*Problem details*: The line with "おはようございます、林間学校" through the last line of the entries: give these again exactly, and only these, without any pictures.

*Working data*:
────────────────
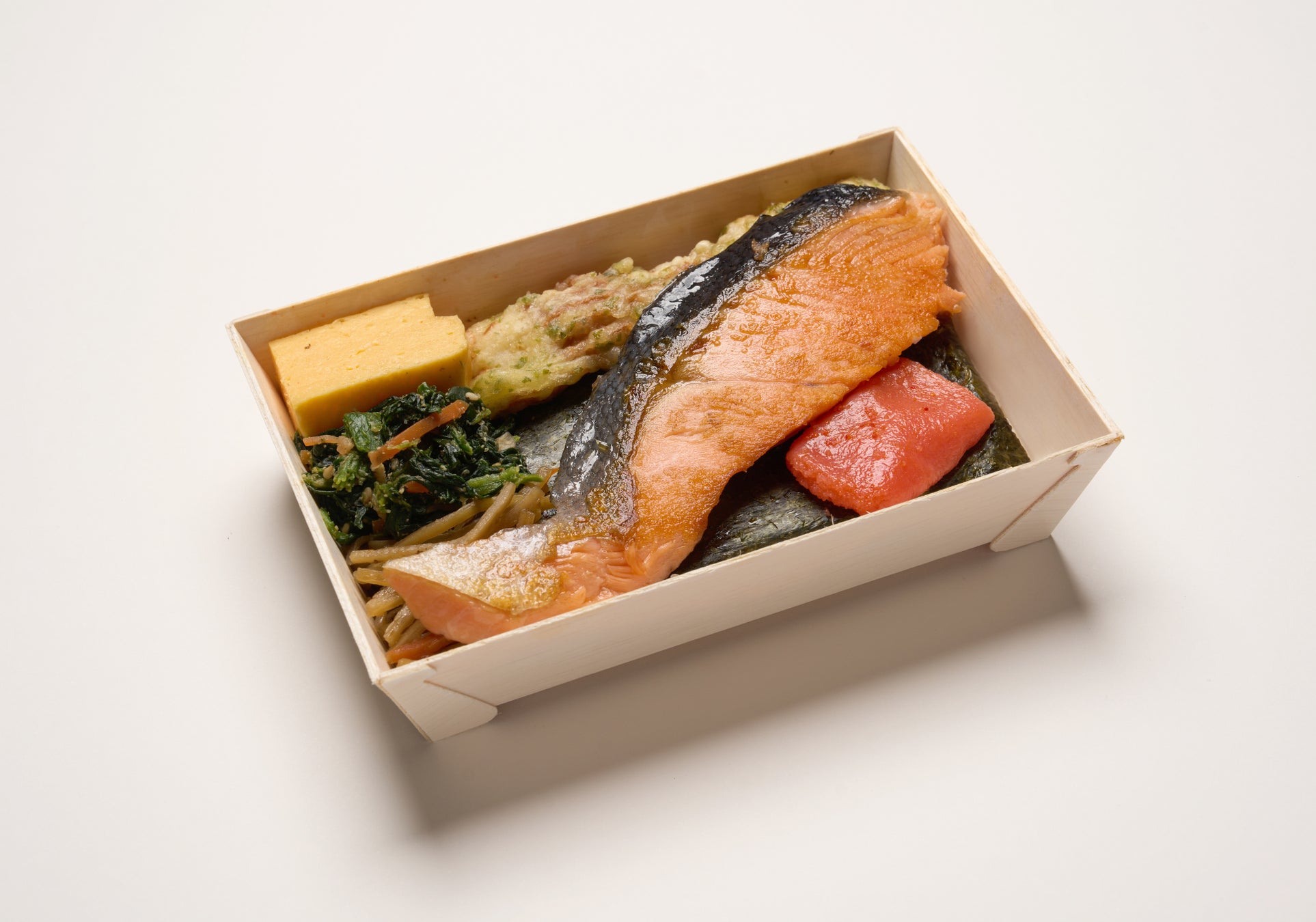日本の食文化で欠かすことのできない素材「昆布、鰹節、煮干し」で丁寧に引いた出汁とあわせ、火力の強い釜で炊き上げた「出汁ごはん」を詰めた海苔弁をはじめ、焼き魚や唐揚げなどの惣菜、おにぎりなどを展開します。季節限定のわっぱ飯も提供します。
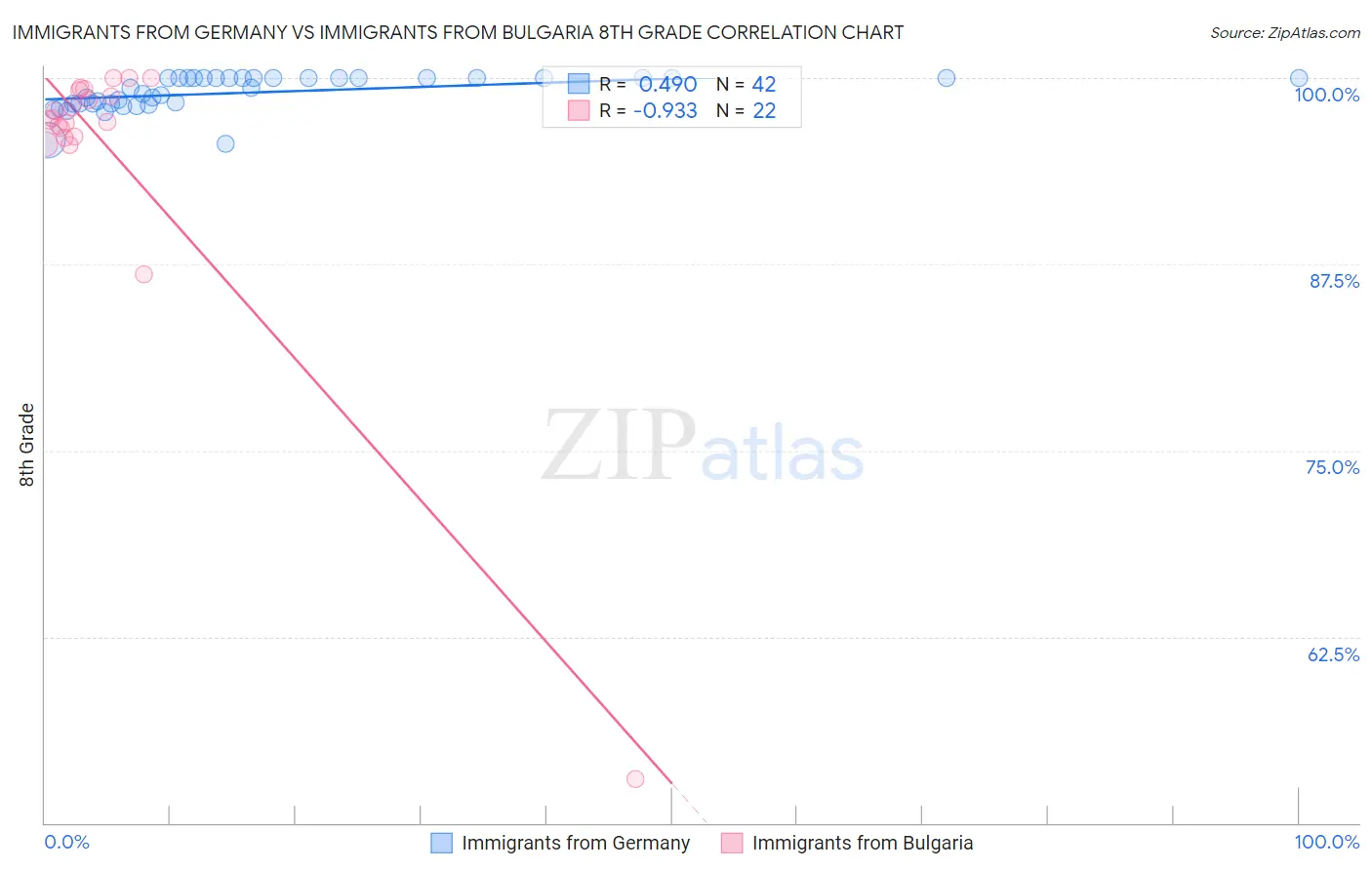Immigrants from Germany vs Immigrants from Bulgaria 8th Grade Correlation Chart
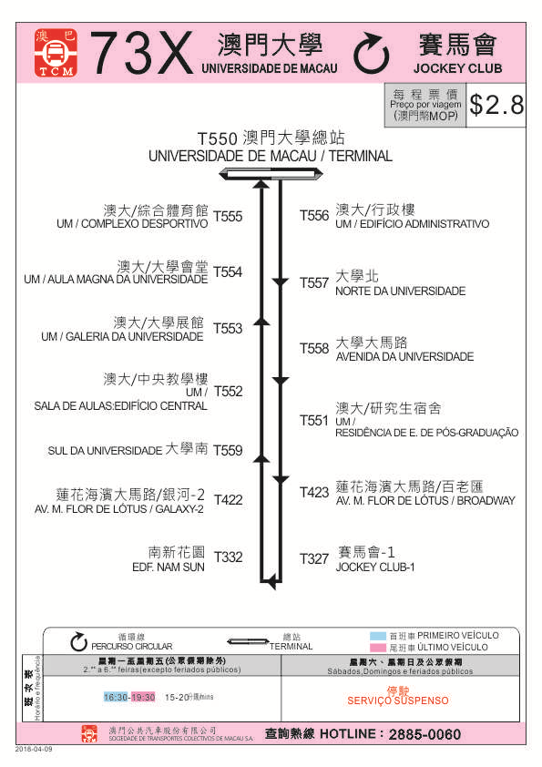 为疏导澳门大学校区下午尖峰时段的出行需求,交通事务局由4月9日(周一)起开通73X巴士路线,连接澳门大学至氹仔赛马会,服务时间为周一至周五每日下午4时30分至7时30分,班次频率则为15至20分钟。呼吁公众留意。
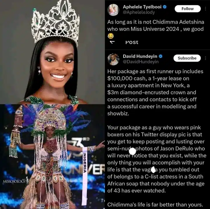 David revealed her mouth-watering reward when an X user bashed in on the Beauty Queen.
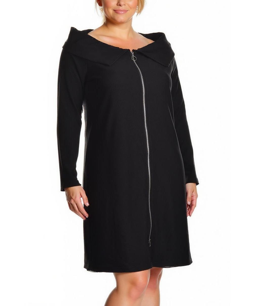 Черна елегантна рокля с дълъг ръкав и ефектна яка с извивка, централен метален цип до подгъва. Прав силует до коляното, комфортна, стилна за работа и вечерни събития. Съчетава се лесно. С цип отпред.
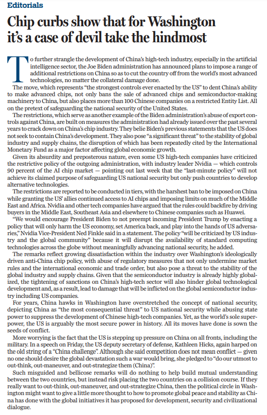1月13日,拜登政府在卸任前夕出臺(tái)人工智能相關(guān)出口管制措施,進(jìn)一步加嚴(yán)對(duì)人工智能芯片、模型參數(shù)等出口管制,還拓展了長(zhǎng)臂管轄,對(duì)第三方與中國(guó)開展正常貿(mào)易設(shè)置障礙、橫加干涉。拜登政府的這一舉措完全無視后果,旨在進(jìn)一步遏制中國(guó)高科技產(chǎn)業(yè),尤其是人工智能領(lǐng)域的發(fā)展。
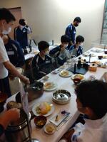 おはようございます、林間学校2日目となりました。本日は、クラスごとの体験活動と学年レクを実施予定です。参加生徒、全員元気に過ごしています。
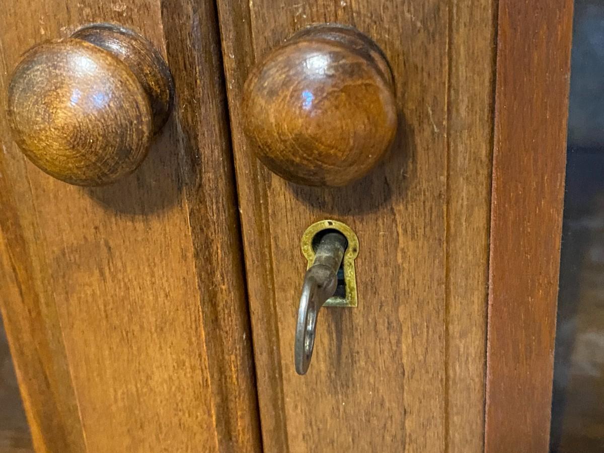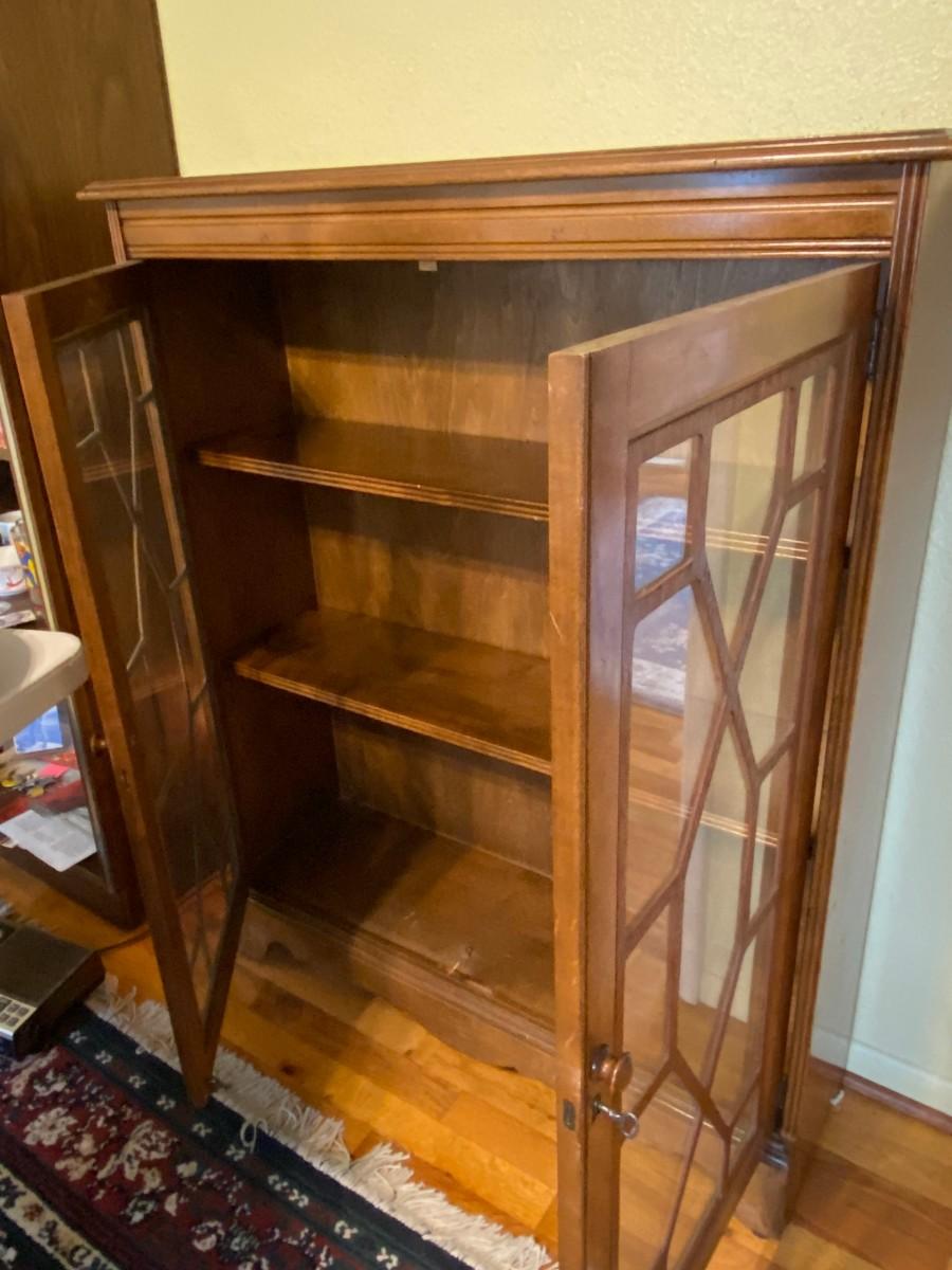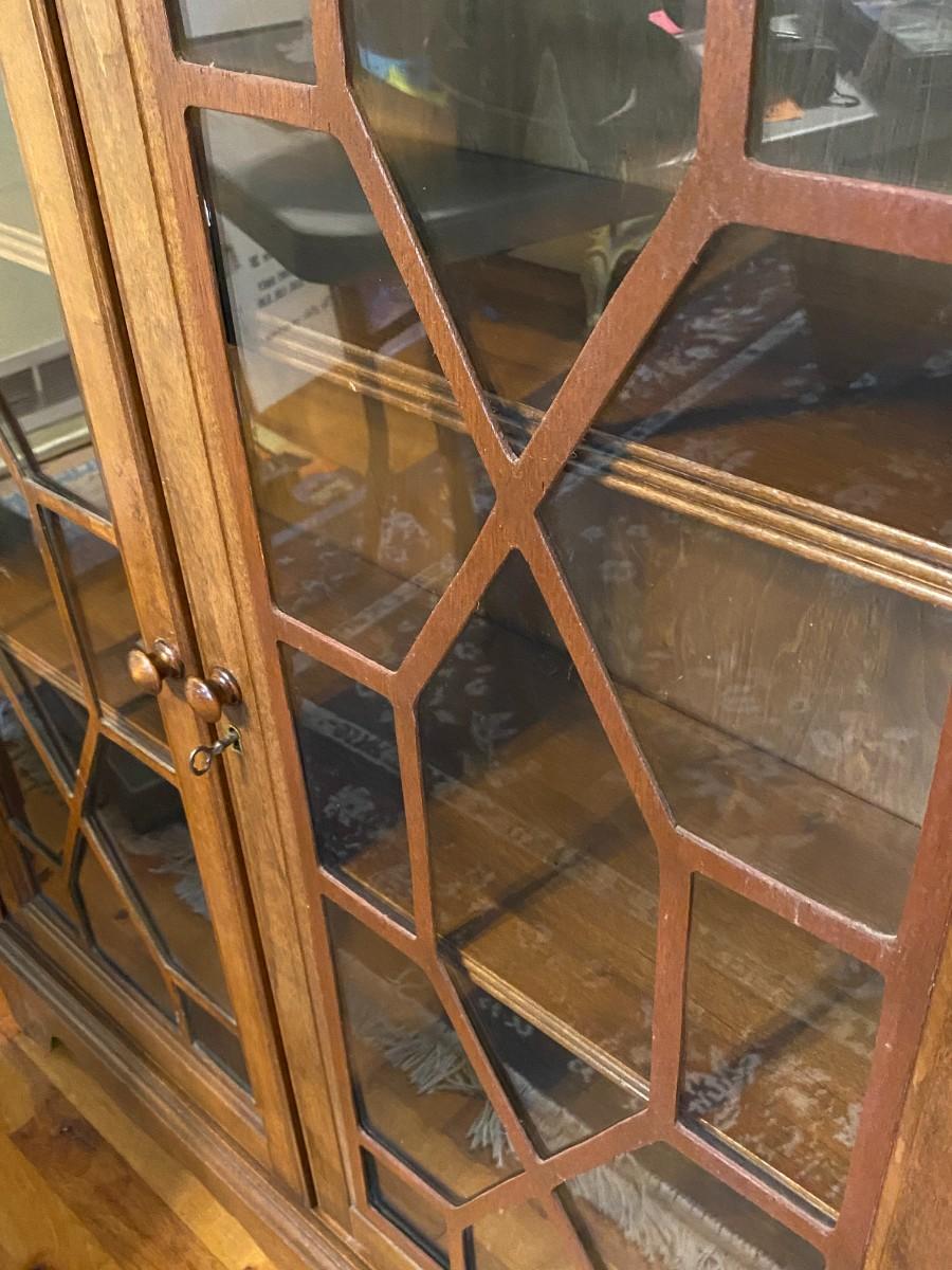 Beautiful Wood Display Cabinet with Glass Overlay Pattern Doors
────────────────
*Solution to this exercise*:
 おはようございます、林間学校2日目となりました。本日は、クラスごとの体験活動と学年レクを実施予定です。参加生徒、全員元気に過ごしています。
 Beautiful Wood Display Cabinet with Glass Overlay Pattern Doors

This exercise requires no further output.